Single cell RNA-seq identifies the origins of heterogeneity in efficient cell transdifferentiation and reprogramming

  1. Mirko Francesconi
  2. Bruno Di Stefano
  3. Clara Berenguer
  4. Luisa de Andrés-Aguayo
  5. Marcos Plana-Carmona
  6. Maria Mendez-Lago
  7. Amy Guillaumet-Adkins
  8. Gustavo Rodriguez-Esteban
  9. Marta Gut
  10. Ivo G Gut
  11. Holger Heyn
  12. Ben Lehner  Is a corresponding author
  13. Thomas Graf  Is a corresponding author
  1. Centre for Genomic Regulation (CRG), The Barcelona Institute of Science and Technology (BIST), Spain
  2. Harvard University, United States
  3. Institució Catalana de Recerca i Estudis Avançats (ICREA), Spain
  4. Universitat Pompeu Fabra (UPF), Spain
7 figures, 1 table and 8 additional files

Figures

Figure 1 with 4 supplements
Single cell gene expression analysis of B cell to macrophage transdifferentiation and B cell to iPSC reprogramming.

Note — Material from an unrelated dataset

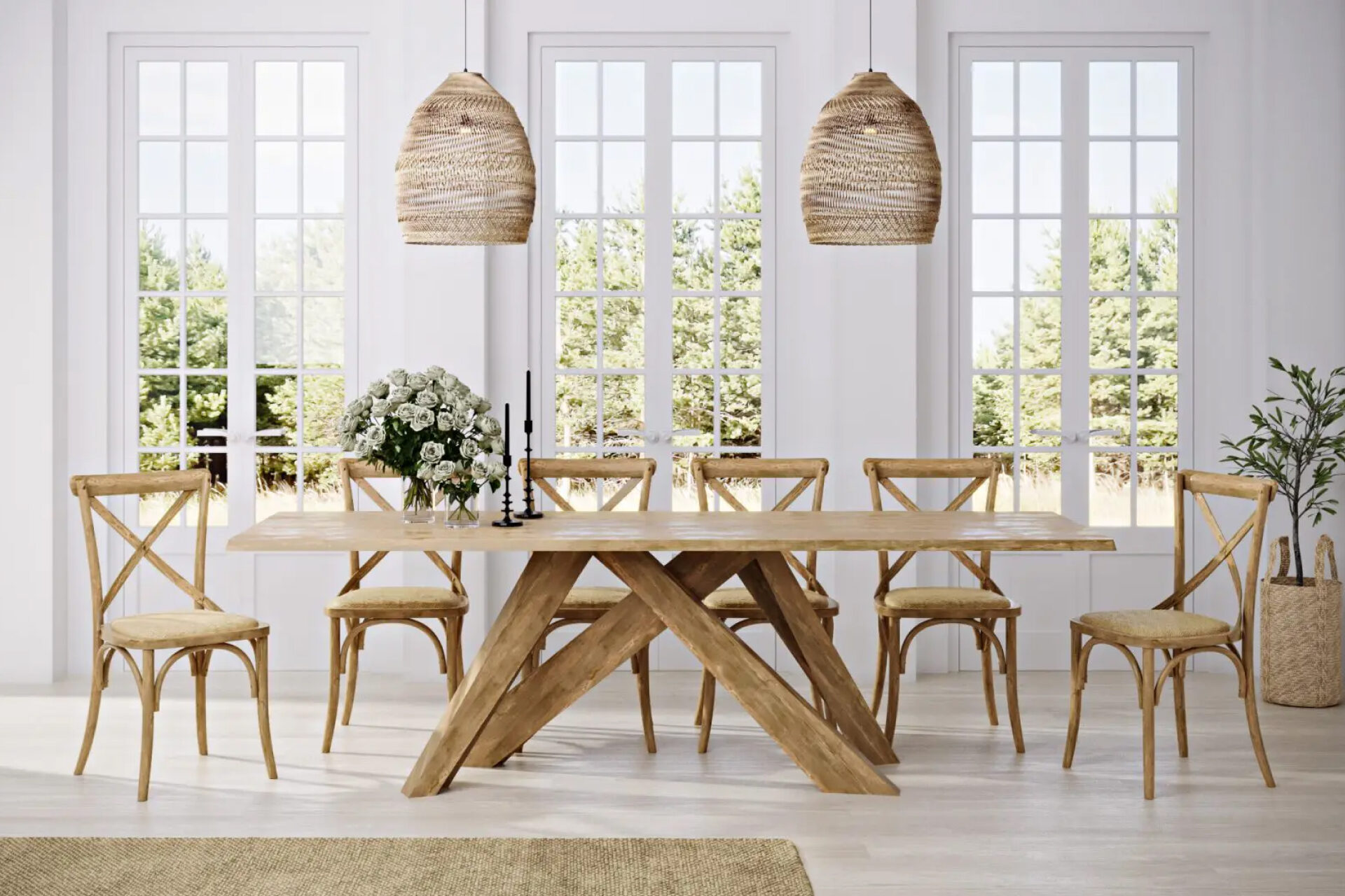 Carefully handmade with a handwoven rattan seat and sturdy wooden backrest, the Crossback Dining Chair blends artisan detail with everyday comfort. Inspired by French Country design, it brings a perfect balance of vintage charm and modern elegance into your home or dining space.

(a) Overview of the experimental design, showing time points analysed. (b) Single cell projections onto the first two diffusion components (DC1 and DC2). c-f, as in b, with top 50% of cells expressing selected markers for B cells in red (c) GMP/granulocytes in orange (d) monocytes in purple (e) macrophages in light blue (f) and pluripotent cells in orange-red (g). (h-i) Projection of transdifferentiating cells onto B cell-, macrophage-, and monocyte-specific independent components (h) and reprogramming cells onto, B cell-, mid- and late- pluripotency specific independent components as defined in Figure 1—figure supplement 2a (i).

https://doi.org/10.7554/eLife.41627.002
Figure 1—figure supplement 1
Data pre-processing, batch correction and independent component analysis.

(a) Overview of the data collection and pre-processing steps. (b) Distribution of the top 100 eigenvalues and of single cell projections onto the first four principal components across pools and time points from the gene expression PCA before batch correction. (c) Distribution of the top 100 eigenvalues and of single cell projections onto the first four principal components and component 13 across pools and time points from the PCA of gene expression after MNN batch correction. (d) Distribution of single cell projections onto the 35 independent components across pools and time points. (e), Distribution of the single cell projections onto independent component 33 across plate columns.

https://doi.org/10.7554/eLife.41627.003
Figure 1—figure supplement 2
Characterisation of independent components, gene expression reconstruction and diffusion maps.

(a) Heatmap of the correlations between the gene loadings of selected single cell independent components and gene loadings of selected independent components from the reference mouse cell atlas (Hutchins et al., 2017) (see methods for the definition of cell type specific components). (b) Distribution of the single cell projections (scores) onto the macrophage, mid pluripotency, granulocyte, monocyte, pre-B, late pluripotency, G2/M, oxidative phosphorylation, G1/S and a second oxidative phosphorylation specific components across time points. (c) Cell type projections (scores) onto selected atlas components. (d) Scheme of ICA decomposition the expression data matrix into a matrix of independent sources and mixing matrix. (e) Scheme of reconstruction of gene expression after filtering out components capturing batch effects. (f) diffusion maps calculated with a smaller (left) or larger (right) gaussian kernel sigma than the one used for diffusion map shown in Figure 1b.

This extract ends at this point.